Making way for a fairer world

When it comes to the gender pay gap, Sovereign CEO, Nick Stanhope is quite emphatic.

“There shouldn’t be one. I have two daughters and want them to go into a world that is fair and equitable. If I can make things better in my position, then that is something that I certainly want to do.”

Nick, who previously worked for ASB, draws on a depth of experience managing large teams. He believes change starts at the top.  

“I am lucky in my executive team at Sovereign. They are a diverse group of experts who provide me with incredible support and guidance. I also happen to have a gender-balanced executive team, which, sadly, is still exceptional in New Zealand,” he says.

Nick has been CEO for over a year now, and is proud of the way Sovereign has not only embraced diversity over the last five years, but put in place the tools which allow it to thrive, such as reverse mentoring programmes, unconscious bias training and flexible working.

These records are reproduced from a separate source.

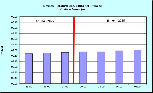 Nivel de Ayer (06:00 hs) = 82.52 mSNM Nivel de Hoy (06:00 hs) = 82.59 Msnm
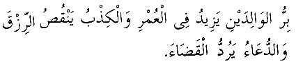 "Ana ve babaya iyilik ömrü artırır. Yalan söylemek rızkı noksanlaştırır, duâ kazaya siper olur." (16)
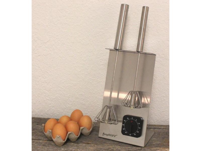 - Package includes: 2 whisks 16.5", and a stand with attached Timer, Silver
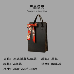 红酒手提袋葡萄酒两支装新款PU酒袋可印logo商务礼品包装礼盒通用

“We have underwriters working from home all over the country. A computer in Tairua is just the same as one in the office – except there’s no commute – which is something we have to think about in big cities. It’s why we have operational ability around the country. It’s a win-win for us.”

“I think it’s important to role model and when I am in the office I am usually out the door by five. Although there are peaks and troughs in workload, I don’t expect people to be working long hours as the norm. It’s outcomes that are most important.” 

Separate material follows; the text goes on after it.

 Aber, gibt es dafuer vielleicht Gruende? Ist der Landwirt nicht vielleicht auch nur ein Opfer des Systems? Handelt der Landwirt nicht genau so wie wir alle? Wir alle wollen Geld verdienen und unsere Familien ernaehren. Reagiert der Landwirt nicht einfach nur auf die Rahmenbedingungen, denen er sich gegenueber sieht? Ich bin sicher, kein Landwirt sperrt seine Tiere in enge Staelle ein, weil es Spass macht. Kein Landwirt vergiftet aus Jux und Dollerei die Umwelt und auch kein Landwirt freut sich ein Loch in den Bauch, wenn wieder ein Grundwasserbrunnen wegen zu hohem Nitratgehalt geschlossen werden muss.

He says the diversity and inclusion policy and more importantly the practices that surround it has really opened up how attractive Sovereign is as an employer in a tight job market. 

“The more open we are to the market, the more people are interested in working for us, and the better off we are,” he says. “You only have to take a look at our Linkedin or Facebook page to get a glimpse of the office culture at Sovereign. We wear our heart on our sleeve and take every opportunity to show staff how much we appreciate the contribution they make.”

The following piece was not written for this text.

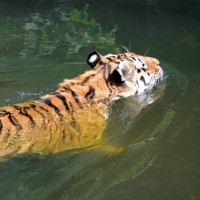 The image shows a tiger swimming in water. It appears to be a natural habitat for the tiger, possibly a river or lake. The tiger's head and part of its body are above the water surface while it moves through the water.

Gender equity is only part of the company’s diversity and inclusion focus. Sovereign has the Rainbow Tick for valuing sexual diversity, and aims to be ethnically diverse. 

“With the changing market in New Zealand, we have many different ethnicities among our team, but our customers are a diverse group too – it’s important that we are reflective of the people we serve.”

Nick believes that training can counter unconscious bias, particularly in recruitment.

“Self-awareness is everything – the first step is recognising that you have unconscious bias, we all do.  Once you realise that you start to look at things far more pragmatically and logically."

The company currently has no gender pay gap on jobs that are like for like, although Nick does say that parts of the business, such as the contact centre, which has a heavily  female weighted workforce creates distortions and  an overall pay gap because there are more females than males. 

The company monitors diversity and reports to the board on progress every six months.

He has this advice for businesses starting to address the gender pay gap:

“First analyse the data so you have good insights, then you can form an action plan. If data analysis shows that there is a gender pay gap, then expect it to take time to fix, as overnight fixes are not sustainable. And as a CEO you need to make everyone aware of the analysis and what it shows (you will need to be careful with this – you may not want to tell everyone the current gap number). As with everything, communication is really important.”